İcadı M.Ö. 2binli yıllara kadar uzanan kemerlerin yaygın olarak kullanımı Roma imparatorluğu döneminde olmuştur. Sonraları birçok medeniyet, kendine has üsluplarıyla kemerleri geliştirmiş, süslemiş ve yorumlamışlardır.
Kemerler Türk mimarisinin de olmazsa olmaz öğelerindendir. Orta Asya’dan Anadolu’ya göç eden Türkler, tuğlalarla yaptıkları kemerleri sonraları Osmanlı mimarisinde taşa yansıtmış ve kendine has ölçü ve oranlara taşımışlardır.

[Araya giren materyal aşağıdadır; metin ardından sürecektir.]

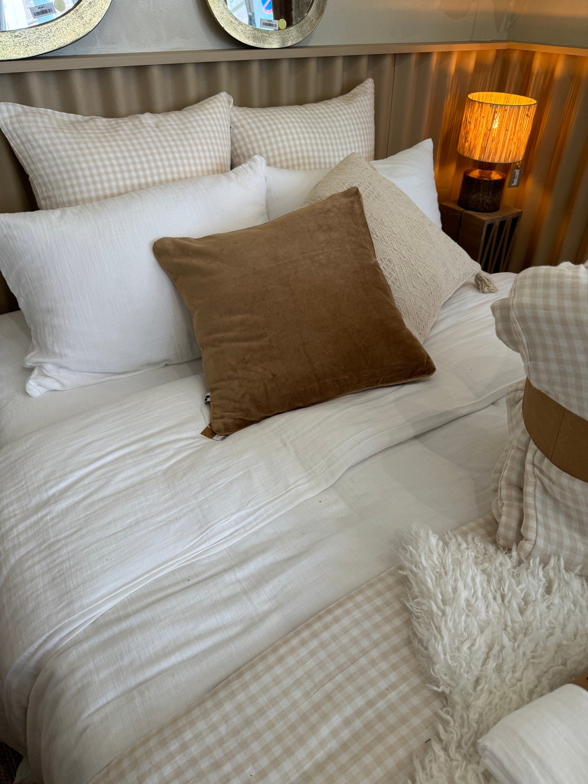 Le vichy un brin bohème & vintage, est idéal pour une ambiance chaleureuse, n'hésitez pas à mixer les taies d'oreiller entre elles pour un rendu unique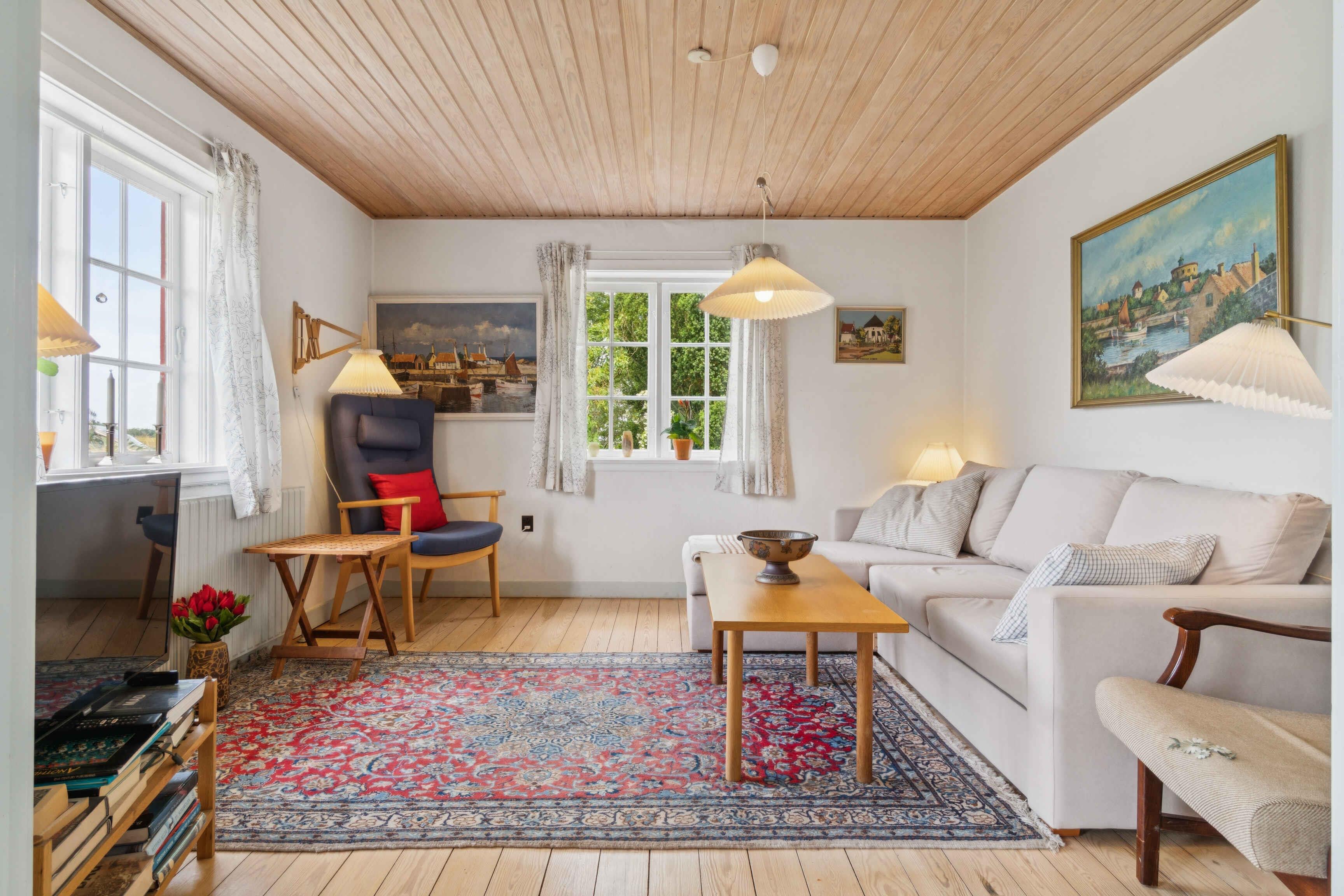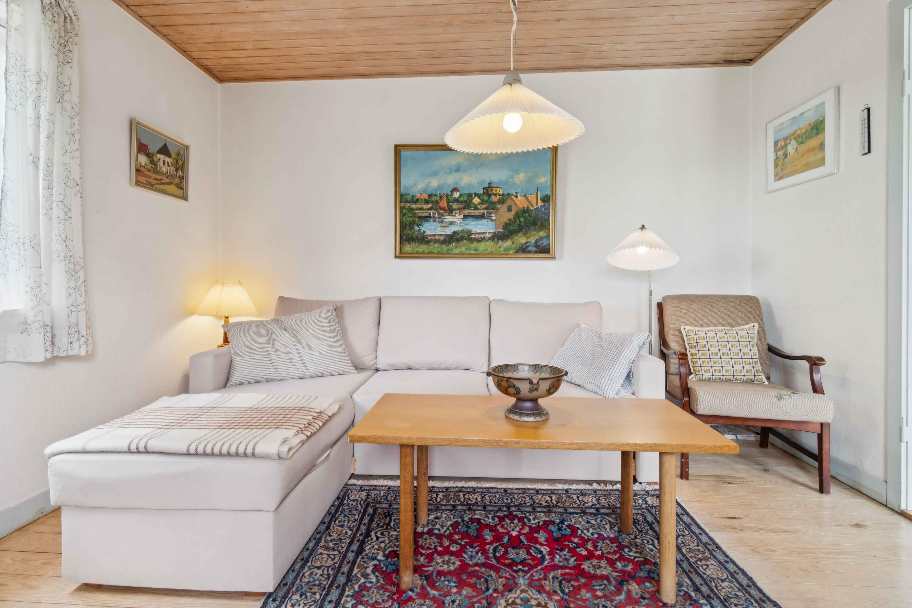 Rummeligt feriehus på 130 m² med 3 soveværelser, 6 sovepladser, stor terrasse og god parkering. Beliggende tæt på Svaneke, strand, natur og oplevelser – ideelt til familieferie.
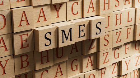 Small and medium-sized enterprises Word Written In wooden blocks.close up of wooden blocks,Business Concept.3D rendering.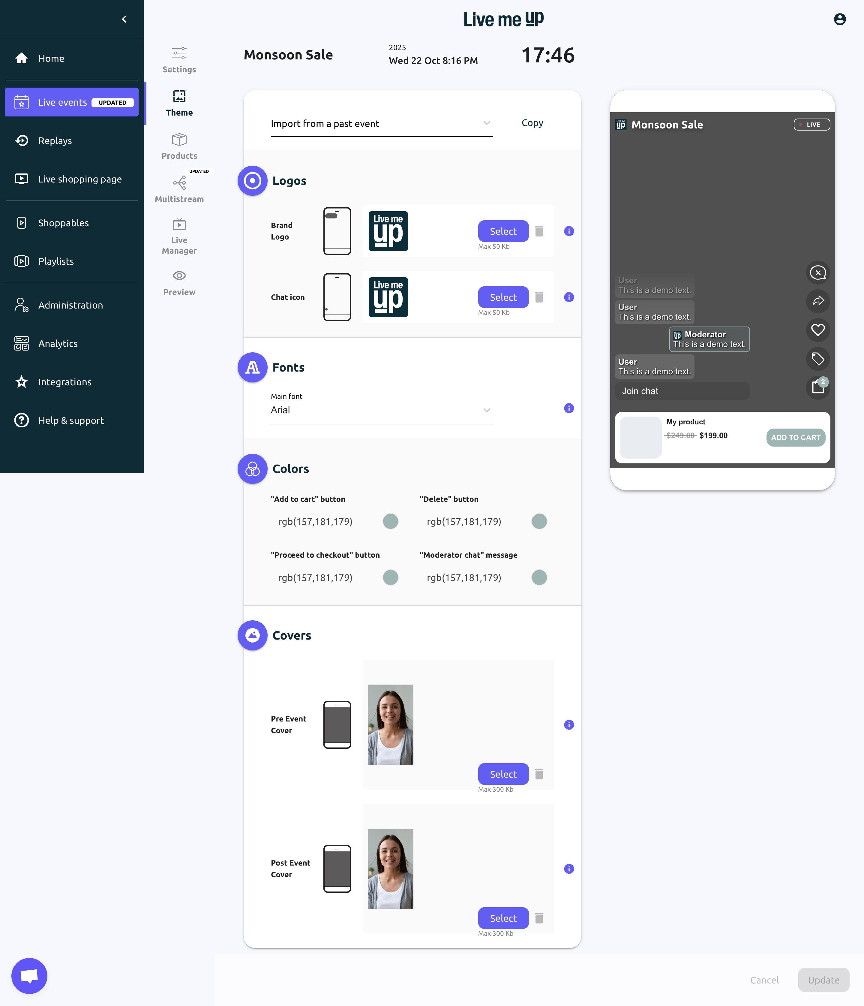 Colors: Set colors for “Add to cart,” “Delete,” “Proceed to checkout” buttons, and moderator chat messages (use RGB values).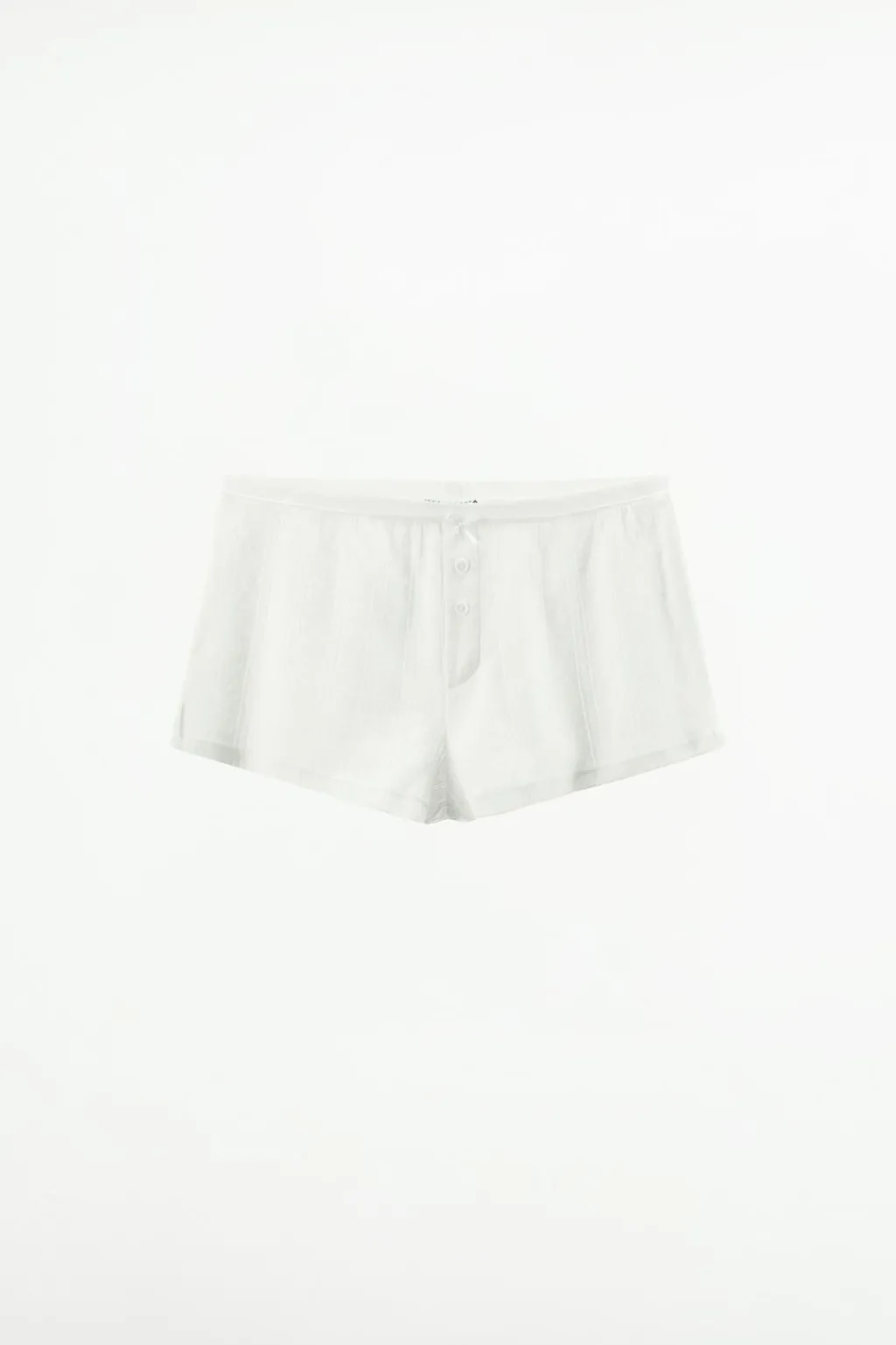 Shorts confeccionado en hilatura de algodón 100%. Tiro medio y cintura elástica. Detalle aplicación de lazo y botones en delantero combinado a tono.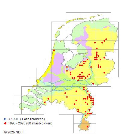 Het aantal atlasblokken (5x5 km) waarin de soort is gemeld binnen een periode van vijf jaar (vanaf 1980) of twintig jaar. Niet gecorrigeerd voor waarnemersinspanning en het aantal doorgegeven waarnemingen kan sterk variëren per periode, dus een trend in verspreiding kan hier niet direct uit worden afgelezen. Het opgegeven jaartal is het eerste jaar van de periode. Bron: gevalideerde waarnemingen uit de NDFF.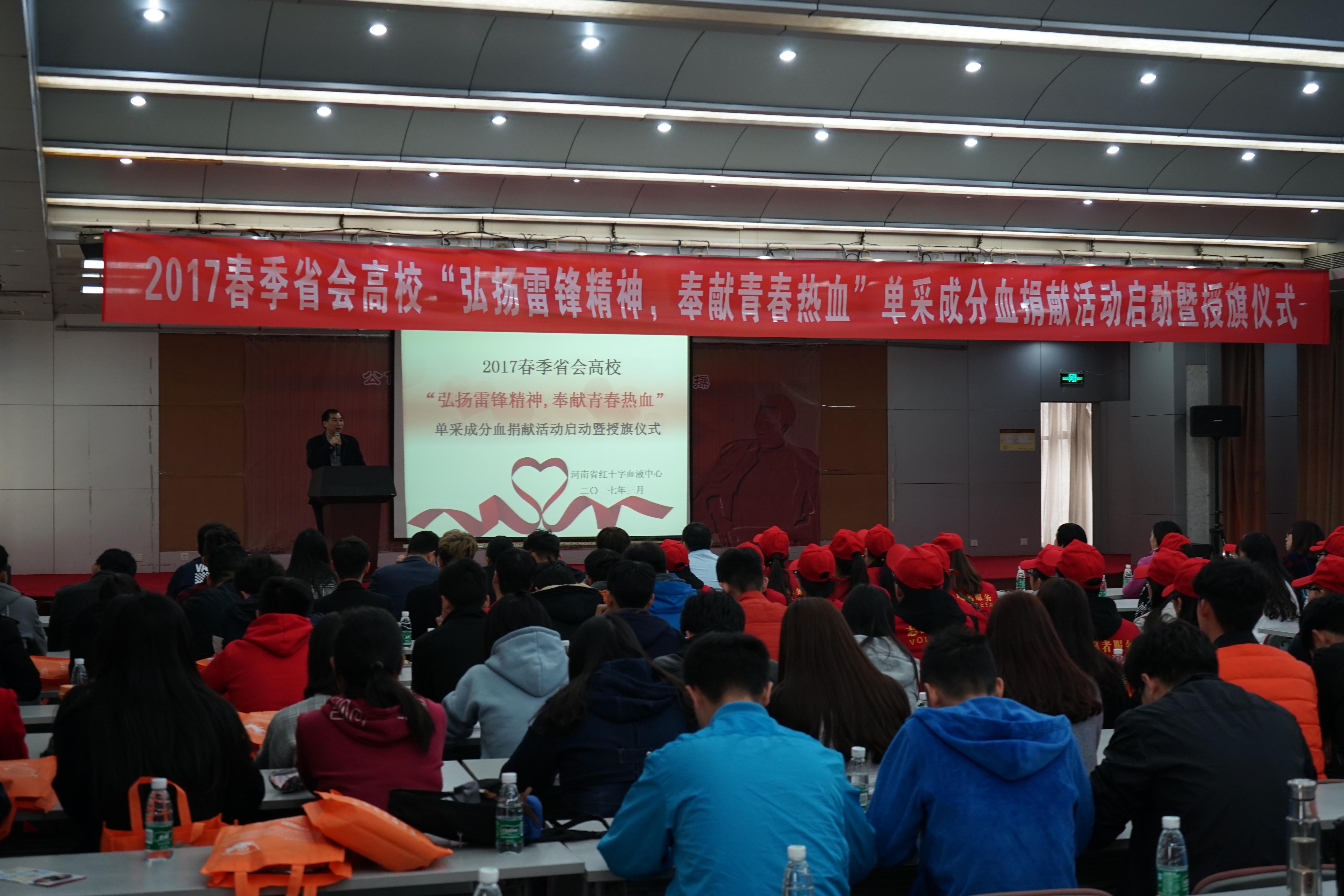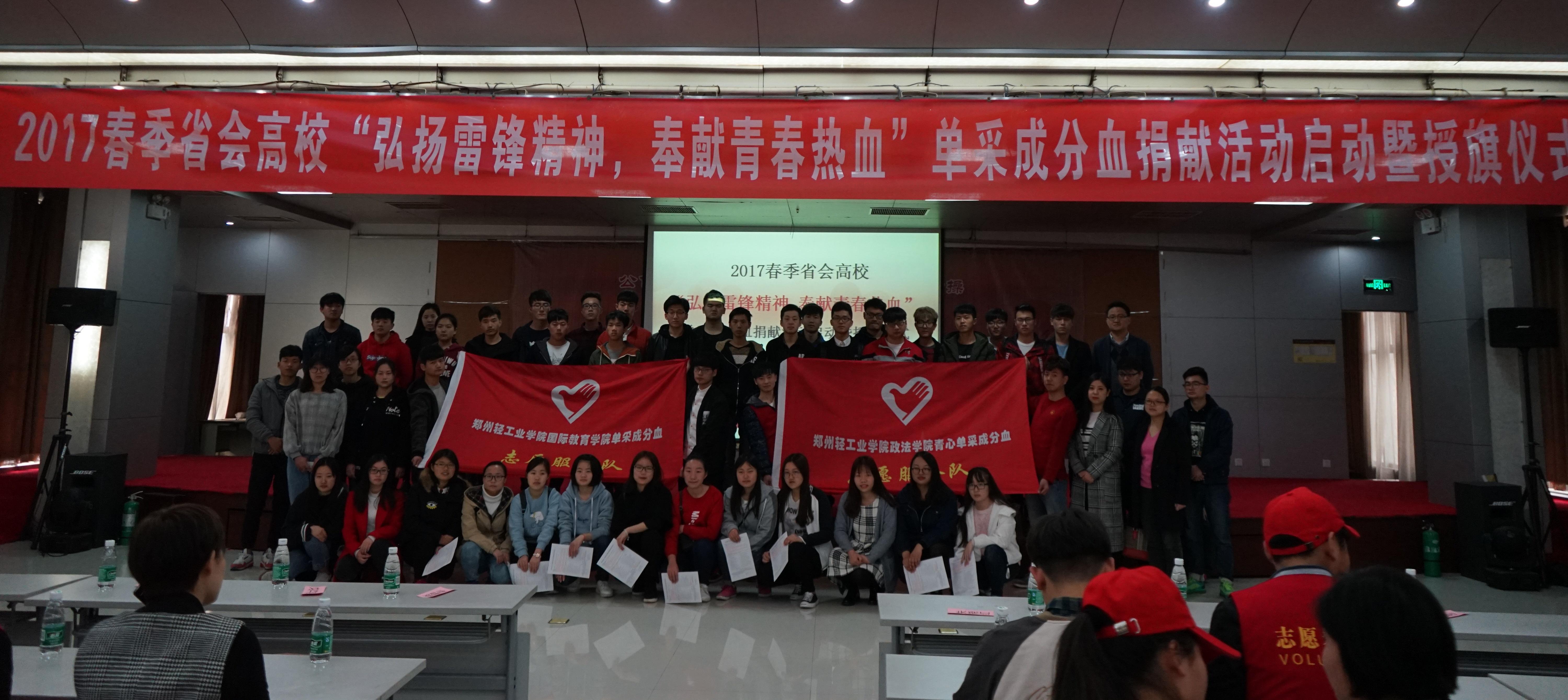 311日,河南省红十字会血液中心2017春季省会高校“弘扬雷锋精神,奉献青春热血”单采成分血捐献活动暨授旗仪式在省红十字会血液中心举行,我校政法学院、国际教育学院、青年志愿者协会60余名师生参加了授旗仪式,受邀参加授旗仪式的还有河南牧业经济学院、河南医学高等专科学校和郑州职业铁路技术学院的志愿者师生代表。

Gel gelelim günümüzde, gerek tasarım aşamasında gerekse, uygulama aşamasında, Türk kemeri olarak nitelendirdiğimiz kemer formlarını yansıtabilen mimar, usta sayısı çok fazla değildir. Kimisi, doğru sonucu bilse de doğru sonuca giderken yöntemsel hata yapar, daha özensizce yapılan yapılarda ise, ne işin sahibinin ne tasarlayıcısının ne de uygulayıcısının Türk kemerinin ne olduğu ya da ne olmadığı hakkında bir malumatı olmadığı halde, “Türk mimarisi yeniden hayat buluyor” spotlarıyla garip binaların yükseldiği görülür.
Bu konunun karmaşıklığı ile ilgili şunu da bilmek gerekir ki, Selçuklu ve erken Osmanlı döneminde İran tarzına özenen, son dönem Osmanlı döneminde, Batı’nın Barok tarzına özenmenin ötesinde, Osmanlı Baroğu denen bir üslubu ortaya koyan iç içe geçişmeler de vardır.
Bu konuda günümüz mimarlarında ki kafa karışıklığını gidermek için, tümden gelim yaparak, önce Türk kemeri ne değildir sorusuna cevabını aramak gerekir. Sonrasında ise, Türk kemerinin ne olduğunu anlamak daha kolay olacaktır.
Bu örnekler, rönesans, barok, Art Noueavu ve başka akımlarla çeşitlendirilebilir.
Şimdi geleneksel Türk mimarisinde kullanılan örneklere bakalım:
Bu gördüğümüz Kemerlerin doğru çizimleri resimde anlatıldığı şekilde yapılır. Bu form, kaba yapının değil, ince yapının formu olacağından, bu cephe üzerine herhangi bir kaplama yapılacaksa, kaplamanın gelmesinden sonra kalacak form iyi hesaplanmalıdır. Gerekli eğriselliğin verilmesi zor olacağından, en üstte kaplama yerine, kalıpla dökülebilen formlar ya da, kemerlerin orjinal taş dizilimini takip eden taş dizimleri ile doğal taş kaplama yapılmalıdır. Aksi halde kemer formu bozulacaktır.
Yapılarınızda Geleneksel Türk mimarisinin unsurlarını kullanmayı tercih eder misiniz, etmez misiniz bilmem. Ama eğer ilk seçeneği seçerseniz, çok hassas oranlarla, ince mühendislik hesaplar sonucu oluştururmuş bu biçimlerin kopyasını bile yapmanın sandığınız kadar kolay olmadığını aklınızdan çıkarmayın.